Były kolejne protesty i kolejne śmierci. Dorota z Bochni zmarła w szpitalu w Nowym Targu. Po odejściu wód lekiem miało być leżenie z nogami w górze.
Agnieszka z Częstochowy nosiła w sobie bliźnięta, gdy jeden płód obumarł, lekarze czekali, aż umrze drugi. 37-latka osierociła troje dzieci. A prezes Prawa i Sprawiedliwości w te historie nie wierzył.
- Jeszcze raz powtarzam, takiej sprawy nie ma. Ona jest wymyślona przez propagandę. To jest część tej urojonej rzeczywistości - twierdził Kaczyński w czerwcu 2023 roku.
Podpisy pod petycją do Parlamentu Europejskiego
W rzeczywistości Polki po prostu przestały rodzić. - Naprawdę duża część z moich pacjentek zaczęła deklarować, że "nie doktorze, póki co nie.
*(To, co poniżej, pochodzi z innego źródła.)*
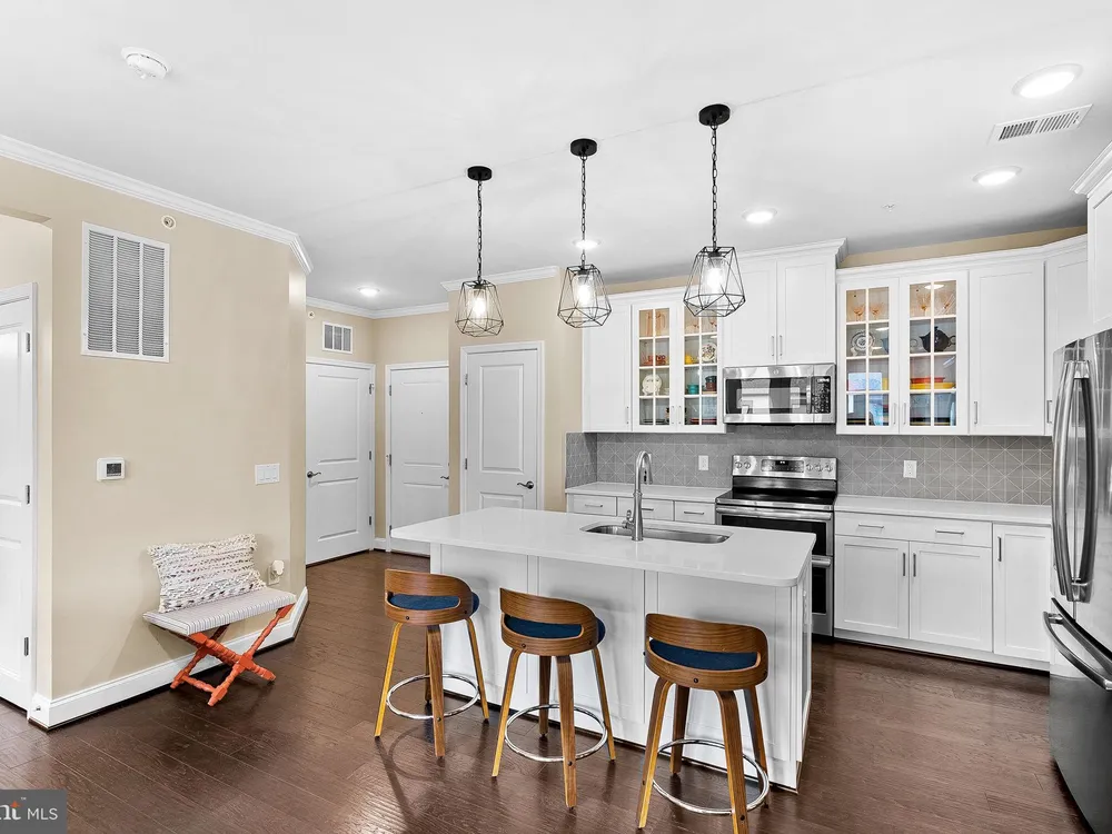 Welcome home to Birchwood at Brambleton, a premier 55+ active adult community where this lovely 2-bedroom, 2-bath condo with 1-car garage (G35) and driveway offers stylish comfort and low-maintenance living. Located on the 4th floor with no neighbors above, the home offers peace, privacy, and abundant natural light from its south-facing balcony. Features include a beautiful kitchen with quartz countertops, stainless steel appliances, large island, recessed and pendant lighting and pantry. But wait, there’s more—hardwood floors, crown molding, charming alcove windows, custom closet organizers, and even your own in-unit washer/dryer/laundry room. Additional conveniences include scenic walking trails, a community room with kitchenette, pet-friendly mud room, and trash room on your floor. Amenities include Magnificent Club houses, Indoor and Outdoor Pools, Demonstration Kitchen, Theater and Game rooms, Health and Wellness Room, Art Studio, Golf Simulator, Social Gathering areas, Biking & Walking Trails, Pickleball & Bocce Ball Courts, Green house & Garden area, Fishing Pier for public access (catch & release only). All just minutes from Dulles Airport, Metro, shopping, dining, and medical facilities. Condo fees include Verizon TV & Internet, Water.

Może jak wyjadę za granicę, ale w chwili boję się o siebie, o swoje dziecko, które wcześniej urodziłam" - komentuje dr Maciej Socha, kierownik Oddziału Położniczo-Ginekologicznego Szpitala Świętego Wojciecha w Gdańsku.
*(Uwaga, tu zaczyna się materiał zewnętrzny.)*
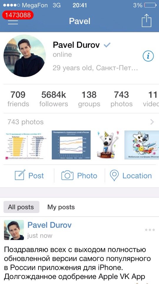 24 сентября на стене основателя социальной сети появилась запись о том, что его команда уже работает над новым приложением. Также в своем сообщении Павел Дуров заявил о том, что в приложении будет изменен каждый экран, из-за этого они как будто полностью переписывают приложение. Ладно, поверим. Но 27 ноября на той же странице появляется запись о том, что модераторы App Store отклоняют новое творение Павла. Если этому всему верить, то выходит, что приложение разрабатывалось 2 месяца и почти месяц пыталось попасть в App Store.

Życie tych, które są zmuszane do rodzenia, zamienia się w koszmar. - To powoduje niejednokrotnie liczne powikłania, w tym stany depresyjne, myśli samobójcze, także to powinno być natychmiast zmienione - mówi profesor Piotr Sieroszewski, prezes Polskiego Towarzystwa Ginekologów i Położników o obecnym prawie.
ZOBACZ TEŻ: Polskie prawo aborcyjne wśród najbardziej restrykcyjnych w Europie. Jak wyglądamy na tle świata?
Obrończynie praw kobiet czekają na wyniki debaty w Sejmie z planem awaryjnym. Chcą zebrać milion podpisów pod petycją do Parlamentu Europejskiego o wprowadzenie bezpłatnej aborcji w całej Unii.